追う者、追われる者②
ランディスは『ディ・アブロ』の説明を一通り終えると、事件の概要を説明するために呼び寄せた3人の子供たちを解放した。ランディスが「解散」と宣言すると、メディエットは怒りに燃える目で席を立ち、靴音を響かせながら、重々しく閉ざされた会議室の扉を開けた。彼女の機嫌が悪いことは、その様子から明らかだった。ランディスによって多くの機士仲間を失った内紛の古傷を引きずっているのかもしれない。上司の意見に無理矢理同調させられたからかもしれない。彼女の心に芽生えた怒りの矛先が誰に向けられているのか、アレックス達は知る由もなかった。ただ、ランディスが『ジョーカー』という言葉を口にした瞬間から、彼女の鉄面は黒く変色したようだった。
扉がバタリと閉まる音を背に、ランディスと助手が会議室を後にした。そして再び、扉はバタリと音を立てる。

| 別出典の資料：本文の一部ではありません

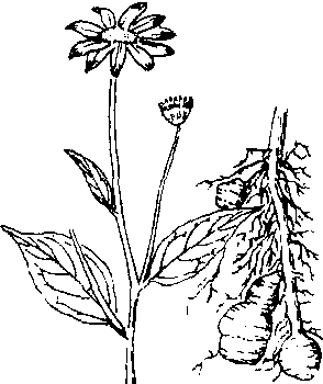释义 | 菊芋juyuHelianthus tuberosus俗称洋姜。双子叶植物,菊科、筒状花亚科。多年生草本。有块状地下茎,纺锤形或呈不规则瘤状。地上茎直立,上部分枝。基部叶对生,上部叶互生,长卵形,边缘有锯齿,叶柄上具狭翅。头状花序数个,单生于枝端,总苞片披针形,开展。花序边缘为淡黄色舌状花,中央为黄色管状花。瘦果楔形,有毛,上端有2~4个有毛的短芒。花期8~9月。性喜稍清凉而干燥的气候,适应性强。原产北美。我国各地常有栽培。用块茎繁殖。块茎富含淀粉。加工后可制酱菜,又可制菊糖,供治糖尿病用。叶为优良的饲料。 菊芋Jerusalem artichoke菊科(Com-positae)向日葵属中能形成地下块茎的栽培种。学名Helianthus tuberosus L.,别名洋姜、鬼子姜。染色体数2n=6x=102。地下块茎含丰富菊糖,系果糖多聚物。多炒食或盐渍加工,还可制造果糖和酒精。对糖尿病有辅助疗效。原产北美洲。中国各地有零星栽培。茎直立,高2~3米。叶卵形,先端尖,绿色,互生。茎扁圆形,有不规则突起。头状花序,花黄色。块茎无周皮,不耐贮藏。瘦果楔形,有毛。按块茎皮色分黄皮和白皮两个品种。耐寒耐旱,块茎在6~7℃芽眼萌动发芽,8~10℃出苗,幼苗能耐1~2℃低温,18~22℃和日照12小时有利于块茎形成。块茎在—25~—30℃的冻土层内能安全越冬。春季解冻后,选20~25克的块茎播种,株行距0.5米。播种深度7~10厘米。播后30天左右出苗。齐苗后追肥浇水,中耕除草并培土成低垄。块茎膨大时摘顶并勤浇水,促使块茎膨大。秋霜后收获。采收时可将小块茎留在土中,待翌年萌发出苗,并及时间苗、补栽。 菊 芋 菊芋girasoleHelianthus tuberosus L.,又称菊薯、菊𫉾、洋姜等。 菊科,向日葵属。 多年生宿根草本。 2n=6x=102。原产北美洲。中国各地有零星栽培。株高2~3 m。茎直立,扁圆,多分枝。叶长卵圆形,绿色,互生,叶柄发达。头状花序,花黄色,育性低,多用块茎繁殖。瘦果楔形有毛。根系发达,分枝多,入土深。有匍匐茎,先端肥大成块茎,呈梨形或不规则姜状。块茎有黄皮、白皮和淡紫红色等,肉质白色。每株有块茎15~60个。喜温暖干燥,忌炎热。对土壤要求不严,边隙地均可种植。块茎在—25~—30℃的冻土层内能安全越冬。秋霜后收获,遗留小块茎翌年萌发生长。或春季解冻后选20~25 g重的块茎随挖随种。块茎质地致密、脆嫩,宜腌渍,也可炒食;富含果糖、葡萄糖、菊糖,系果糖多聚物,对糖尿病有辅助疗效。也是制造果糖、酒精的原料。 菊芋 菊芋别名洋姜、洋生姜。多年生草本,高约3米。地下有块根及纤维根,茎直立。茎生叶下部对生,叶卵形或卵状椭圆形,上部叶互生,叶长椭圆形至宽披针形。头状花序少,多生于枝端。瘦果楔形。花期9—10月。新疆各地有栽培。块茎俗称洋姜或洋生姜。可作酱菜及成菜。块茎含有丰富的淀粉,是优良的汁饲料,也可制作酒精及菊糖,菊糖在医药上是治疗糖尿病的良药。 |
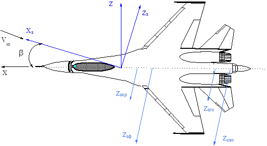 Сила Zа создается всеми частями самолета: крылом, фюзеляжем, вертикальным и горизонтальным оперением, подвесками и т.д.
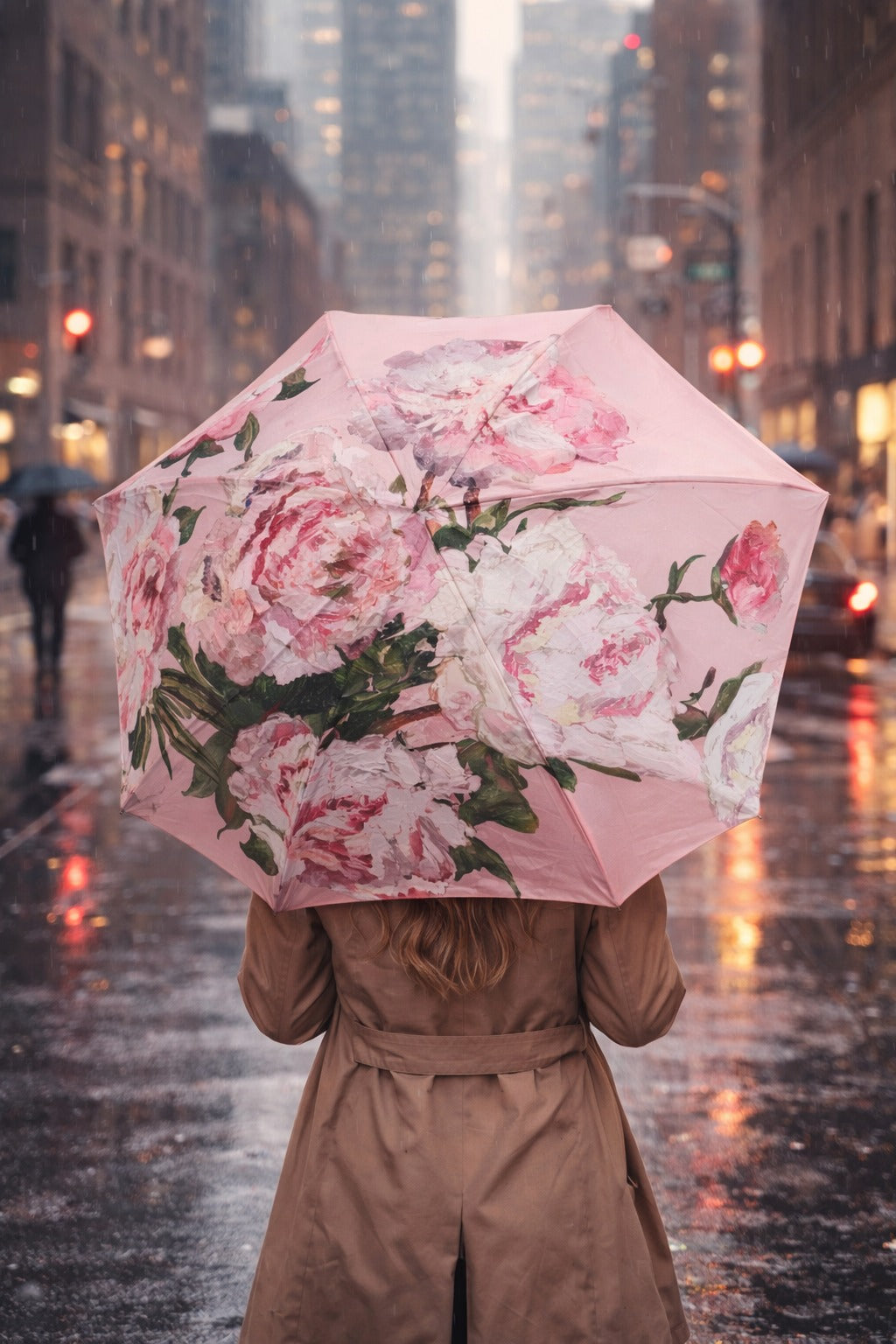 Pink Peonies Floral Umbrella with Travel Case (Mini)

会議室の中には2人だけが残された。メディエットとは対照的に、アレックスは落胆した表情を浮かべている。その背中を、リリーが小さな手で優しく撫でていた。
「旦那さま……どうしましょう?」
「うぅん……」
「旦那さまは本当にトールさんが犯人だと思っているんですか?」
「う~ん。そんなことはわからないよ」
「でも、心の奥底では違うと思っているんですよね?」
「なぜみんながトールの肩を持つのかな。ベイカーの証言を聞いた限りでは、『ジョーカー』を名乗り警官2名を殺害したのはトールしかいない……。でも……」
「でも……?」
「あの人……。不器用だけど……。良い人だったから……」
リリーの優しい声に応えて、アレックスは言葉を探しながら本心を呟いた。
アレックスは、誰よりもトールの犯行を信じられずにいた。長い間、彼と肩を並べてこの街の治安を守り続けてきたからこそ、トールの名が重大な犯行に結びつけられた現実が許せなかったのだ。心の奥底では、他の犯人を切に願っていた。もし、彼が既に命を落としており、誰かの手によって操られているとしたら…。そのような幻想を密かに心に抱きつつ、アレックスはゆっくりとズボンのポケットに手を入れた。そして、ズボンのポケットから取り出した1枚のカードは、黒く輝き、まるで夜空の一部を切り取ったかのように見えた。
「旦那さま?」
そのカードが象徴するもの、リリーは痛いほど理解していた。アレックスがそのカードを見せた瞬間、彼女の表情は深い悲しみで曇った。それは、彼女が今までに見たどんな表情よりも悲しく、失望に満ちていた。そのカードは明確にトールの死を伝えていたのだ。